Until relatively recently, Big Tobacco appeared invincible. Despite the fact that tobacco smoke was full of known carcinogens that would have had a factory shut down if they came out of the smokestack, and ample evidence that exposure to tobacco smoke caused cancer, not to mention the violation of liberty associated with blowing smoke in public places, Big Tobacco effectively resisted even the mildest restrictions on its activities. It was aided by a team of scientists and other “experts” willing to claim that the hazards of smoking were non-existent or overstated (notable names here include Enstrom & Kabat, Gio Batta Gori, Richard Lindzen, Steve Milloy, Fred Seitz and Fred Singer – Google has details).
Virtually all the main rightwing thinktanks in the US and Australia went along with this fraud (AEI, Cato, Centre for Independent Studies, CEI, Heartland and IPA among many others).

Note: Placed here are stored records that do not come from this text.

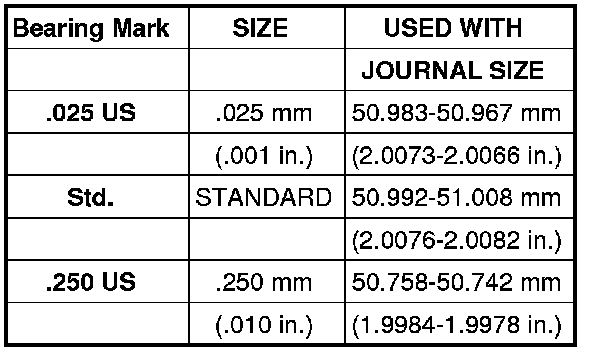 8. If bearing-to-journal clearance exceeds the specification, determine which service bearing set to use, using the chart above.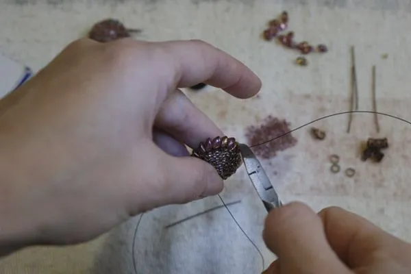 12. Поэтому количество бисеринок в ряду нужно будет уменьшить, пока плетение полностью не закроет внутреннюю сторону кабошона.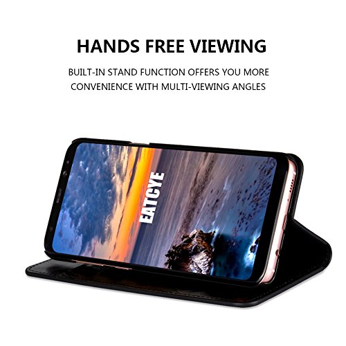 Visualizzazione a mani libere: La EATCYE custodia in Vera Pelle per Samsung Galaxy S9 plus ha una funzione di supporto che ti risulterà più comodo per vedere filmati da molteplici angolazioni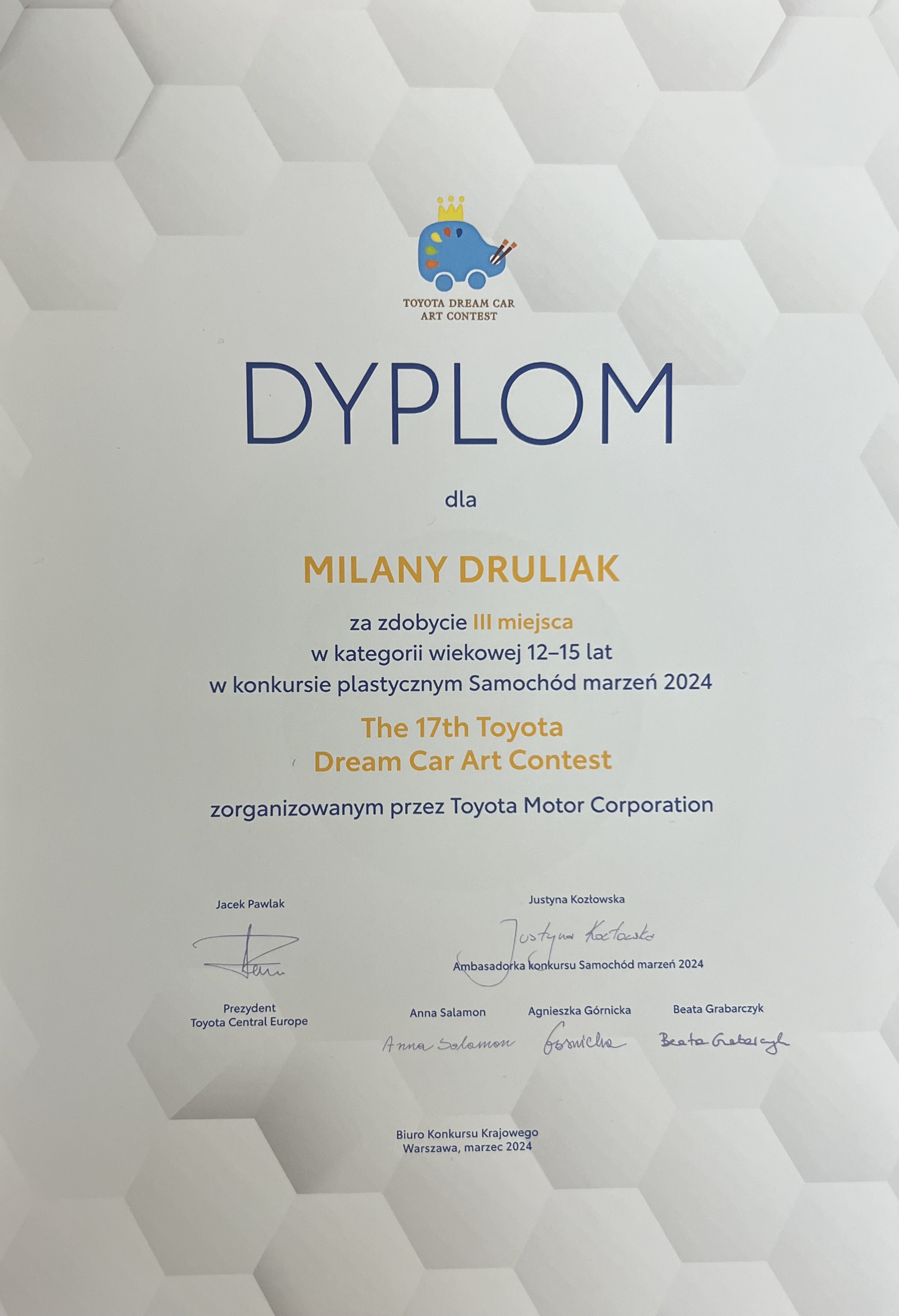 Milana zajęła III miejsce w pierwszym etapie konkursu. Teraz jej praca powalczy o główną nagrodę w Japonii, w siedzibie organizatora konkursu marki Toyota. Ubiegać się będą o nią dzieci z ponad 80. krajów świataMilana jest kolejną podopieczną Tatyany Luchny, która odniosła sukces w tym konkursie. W poprzednich latach były to 2021 rok - Joanna Witowska - III miejsce „samochód Sowkolot Snów”, 2020 rok - Vlada Vlasenko - I miejsce „samochód Australia 2020”, 2018 rok - Julia Hołownia - III miejsce „samochód Serowa Fantazja" oraz wyróżnienie Vlada Vlasenko.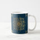 Um padrão de belos mandalas de ouro repetidas em uma cor damasco ornamentado. O ouro é brilhante para imitar a folha de ouro real. Os mandalas são projetados com trabalho intrincado e desenhado à mão e colocados sobre fundo azul marinho profundo.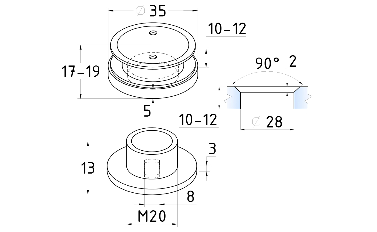 Точечный стеклодержатель 22-26 мм, регулируемый, под зенковку, для стекла 10-12 мм t507 SSS купить в Самаре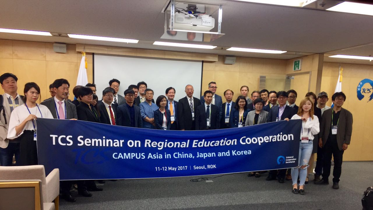 本网讯 在2016年1月30日举办的第一届教育部长会议上, 三国教育部长高度评价了亚洲校园项目, 并就三国应该继续实施并扩大亚洲校园项目达成共识。根据中日韩三国教育合作首尔宣言, 中日韩三国合作秘书处于2017年5月12日在韩国首尔四季酒店举办“中日韩三国高校亚洲校园合作研讨会”, 为三国负责亚洲校园项目的教授们和老师们提供一个交流和分享的平台。本次大会邀请三国大使馆教育参赞以及三国的40多位亚洲校园的项目负责人,我校东语学院亚洲校园教育中心副主任全优老师作为我校代表出席了本次论坛。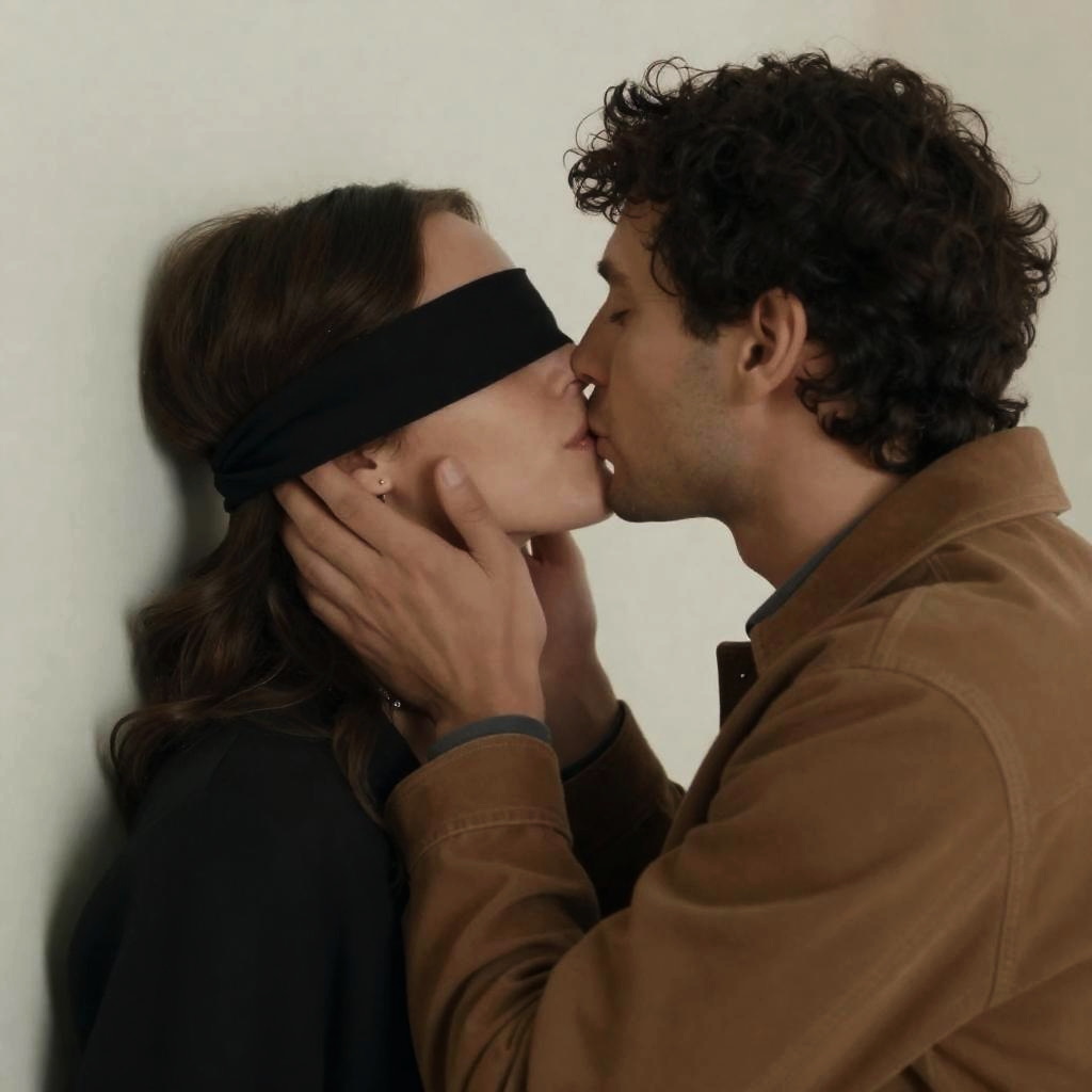 Photograph of a blindfolded woman with wavy brown hair, light skin, and a choker, kissing a man with curly dark hair, light skin, and a brown jacket. She leans against a ured wall, his hand holds her head. Intense kiss.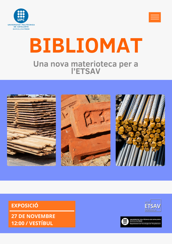 El passat 27 de novembre de 2025, a les 12.00 h, es va inaugurar al hall de l'ETSAV, a Sant Cugat del Vallès. L'exposició del projecte BIBLIOMAT, dins del marc de EDC (Espai Docent Comú). L'acte va reunir membres de la comunitat universitària interessats en la innovació docent i en l'aprenentatge dels materials de l'arquitectura.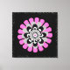 Eine flauschige Blume mit mehreren Blütenschichten in Schwarz, Grau, Weiß und Rosa.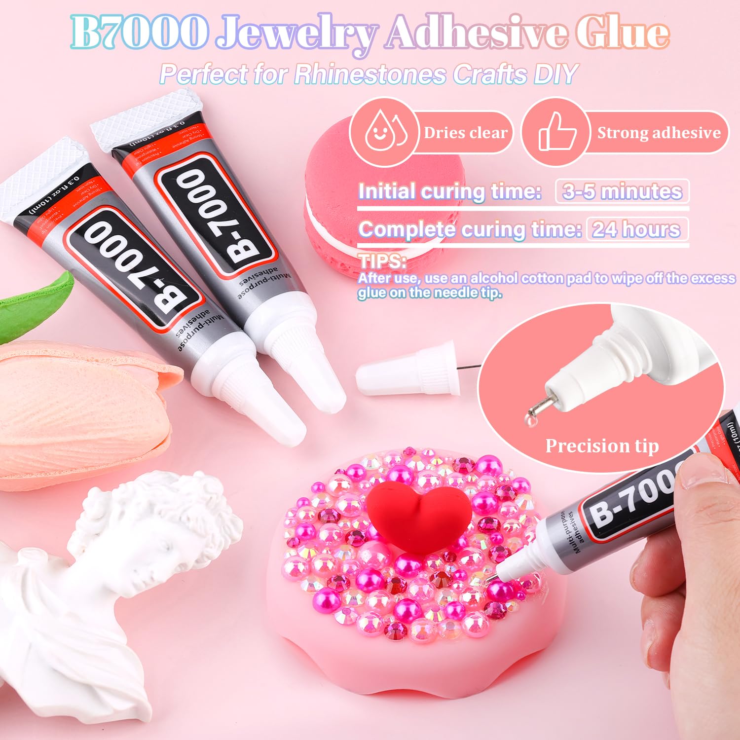 - B7000 CLEAR GLUE FOR GEMS -- Strong adhesion and dries clear, precision needle for easy application. The initial cure time is 3-5 minutes and the full cure time is 24 hours. After use, the needle should to be wiped with an alcohol pad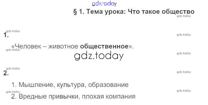 На страницах сайта gdz.today вы найдете учебный и вспомогательный материал, направленный на улучшения знаний школьной программы. ГДЗ - онлайн мир знаний Решение к § 1. Что такое общество страница 5 Рабочей тетради по Обществознанию для 7 класса Соболева Вентана-граф Алгоритм успеха 2018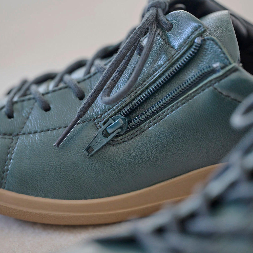紐を結び直す必要がなく、スムーズに脱ぎ履きできる内側ファスナー。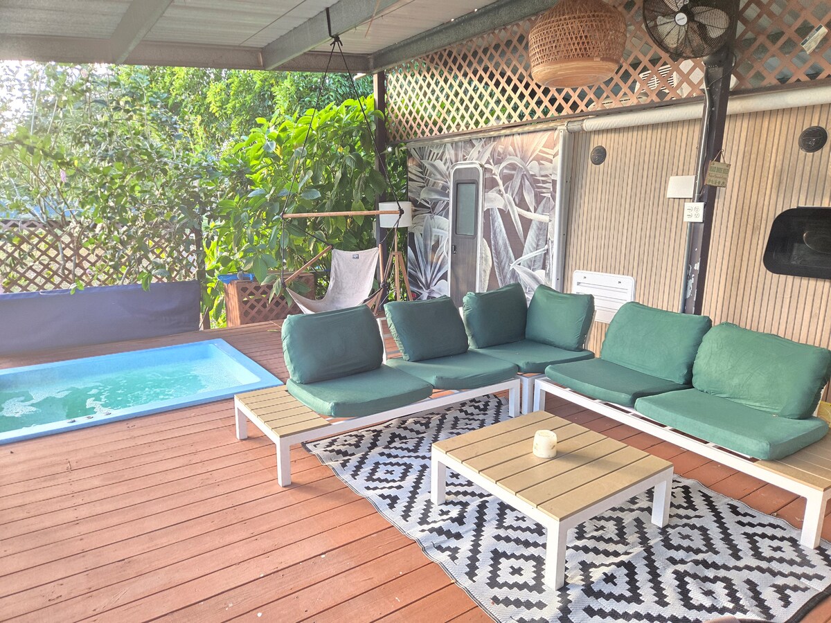 Pobjegnite u mir prirode na manje od 5 minuta od plaže Jobos. Renovirana i uređena kamp-prikolica na našoj farmi od 5 hektara. Svetao, udoban i veseo enterijer i velika terasa sa spoljnim životnim prostorom. Unutrašnja i spoljašnja kuhinja, privatni tuš na otvorenom. Mali bazen i terasa, ognjište sa tikijima i bujni nasadi. Farma se prostire na 5 hektara i ima veliko drveće, ognjište, ljuljašku i mnogo vanjskog prostora. Posjetite kolibrije, papagaje, iguane i konje.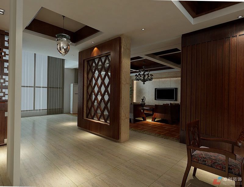 客廳裝修效果圖:古色古香的屏風(fēng)、靜雅的典藏飾品、家具的簡(jiǎn)約線條,一一詮釋著主人的藝術(shù)品味。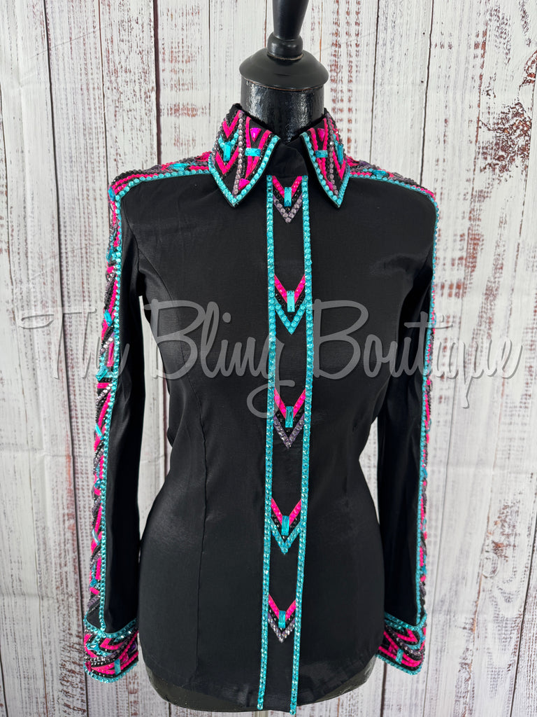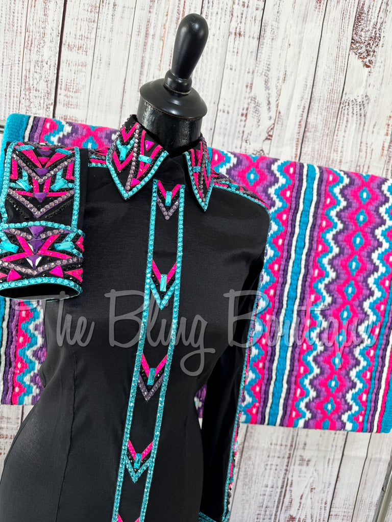 RE-ORDER Black, Turquoise, Bright Pink & Purple Day Shirt Set (S) (Choose Your Size)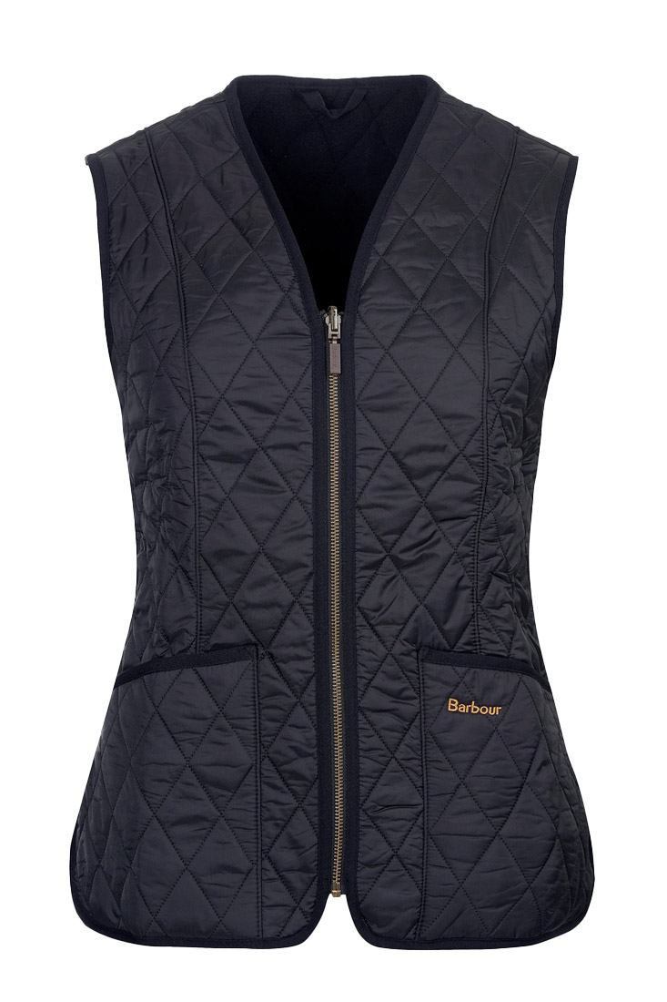 Snygg väst och skönt foder i ett! Denna snygga västen går att knäppa in som ett foder i flera av Barbours damjackor. Den passar till exempel utmärkt till den fina modellen Beadnell. Västen knäpps lätt i och ur med hjälp av blixtlås på insidan av jackorna. Västen är i quiltad nylon och har en insida i skön och värmande fleece. Västen är lätt figursydd och har två fickor fram samt innerficka med dragkedja. Normal i storlek. Om du vill använda västen som ett foder, så välj samma storlek på fodret som på jackan.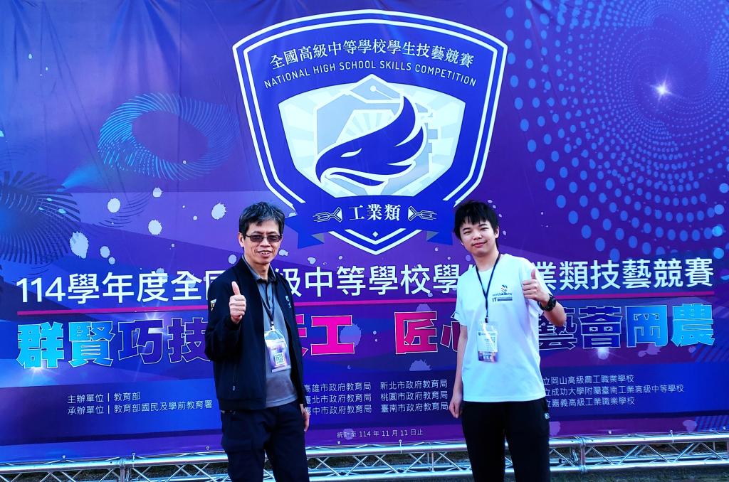 圖說:榮獲第一名的新北高工謝東霖選手與李宏傑老師合照。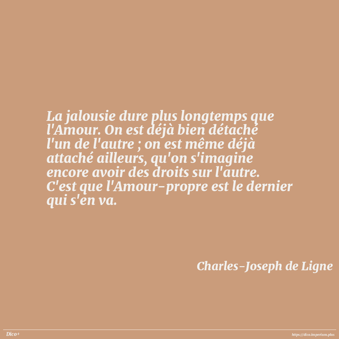 La jalousie dure plus longtemps que l'Amour. On est déjà bien détaché l'un de l'autre ; on est même déjà attaché ailleurs, qu'on s'imagine encore avoir des droits sur l'autre. C'est que l'Amour-propre est le dernier qui s'en va.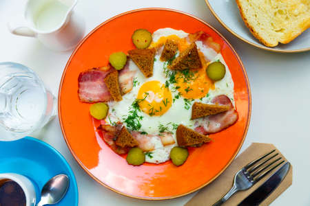 Russian cuisine - scrambled eggs with bacon, croutons and pickled

While they might legitimately have argued part of their case on strict libertarian grounds, that would not have been sufficient to resist restrictions on passive smoking. So, they published attacks on science which any reasonable assessment would have shown to be false. In doing so, of course, they encouraged people to take risks with their own lives and those of others, while happily accepting money from the merchants of death. Whether they were knowingly lying, or merely recklessly indifferent to the truth, this episode should have discredited them forever (it certainly has with me).
But the tide has turned. US litigation in the 1990s exposed a treasure trove of internal documents which eventually led to racketeering convictions for the main tobacco companies. And now the High Court has rejected Big Tobacco’s (legally preposterous) challenge to plain packaging legislation in Australia, made on the supposed basis that it represented a taking of intellectual ‘property’. Not satisfied with one preposterous claim, the tobacco companies are planning another, having bribed the government of Ukraine to make a WTO accusation of trade restraint. Actually, this is a good thing. This case is such an obvious abuse of process, and the litigants so clearly evil, that the WTO will surely not be crazy enough to support their case. In rejecting it, they will probably be forced to set precedents that make future interference with domestic health policy more difficult.
Coming to the policy merits, the current legal status of tobacco is, in my view, a pretty good model for drugs in general – legally available, but with all kinds of promotion prohibited and with an active public health campaign to give accurate information on the associated risks.